However, choosing a user-friendly and powerful simulator is still a non-trivial issue to a lot of researchers because:

  1. simulators are maintained by either commercial companies or open source communities; historical technical development and current technique support (CRN patches, libraries, etc.) situations vary greatly among different simulators; and

  2. CRN is a sophisticated system and certain researches usually undesired to cover complete functionalities; some simulators may expertize to certain CRN activity simulations, others may be used for full CRN design.

This survey aims to provide an overview of current available CRN simulators. By illustrating their major functionalities and substantiate their usage by providing rudimentary case examples, the insight will help researchers to choose proper tools that match their needs. The better understanding of the advantages and constraints will also provide a guideline for simulator designers to meet the requirements from the CRN research community.

The remainder of this paper is structured as the follows. Section II describes fundamental characters of CRN activities and corresponding simulators; a general CRN simulator classification is also discussed. Section III presents important radio generators in CRN study. Non-agent-based CRN simulators and agent-based CRN simulators are discussed in section IV and section V respectively. Section VI casts a short summary of the paper.

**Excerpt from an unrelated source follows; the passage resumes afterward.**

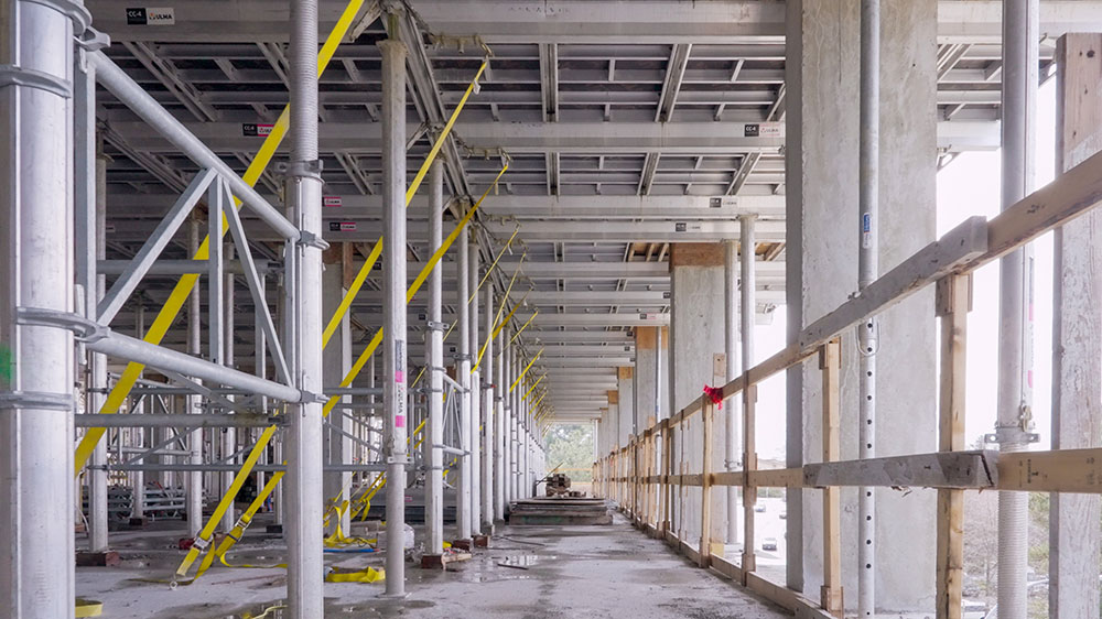 The CC-4 decking system was combined with its PERIMETER BEAM allowing for safe installation and cycling around the leading edge of the building. The CC-4 Panel Formwork is perfectly designed for any slab geometry and provides a high-quality finish.

Ii Features of CRN simulators

Ii-a CR architecture and modeling basics

The intrinsic feature of CRN is to find the best available channel allocation strategy for communication while maintain harmful-interference-free environment to PU network. Unlike traditional wireless networks, CRN is configured on a new basis of media access approach. Figure 2 shows a fundamental architecture of CR tranceiver. The tranceiver operates dynamic spectrum access (DSA) by sensing the spectrum, analyzing the spectrum and making joint decisions on spectrum selections. In high level functionalities, the tranceiver conduct routing operations, QoS monitoring, application management, as well as low level coordination and configurations. Thus, to model a full functional tranceiver should include these basic functions:

  • receive spectrum waves from combined radio environment — including PU activities, SU activities, and other noise.

  • spectrum sensing/analysis/decision ability — detecting radio spectrum waves, extracting features, finding or predicting accessible spectrum slots by adopting data analysis and machine learning techniques, and making decisions on choosing spectrum slot for communication without introducing harmful interference to PUs.

  • global configuration/management/QoS control — cooperating with other receivers and making joint decisions to meet minimal communication requirements and optimal spectrum resource allocation scheme.

  • routing — conducting basic wireless network operations, sharing spectrum information and decision.

  • application management — performing various applications.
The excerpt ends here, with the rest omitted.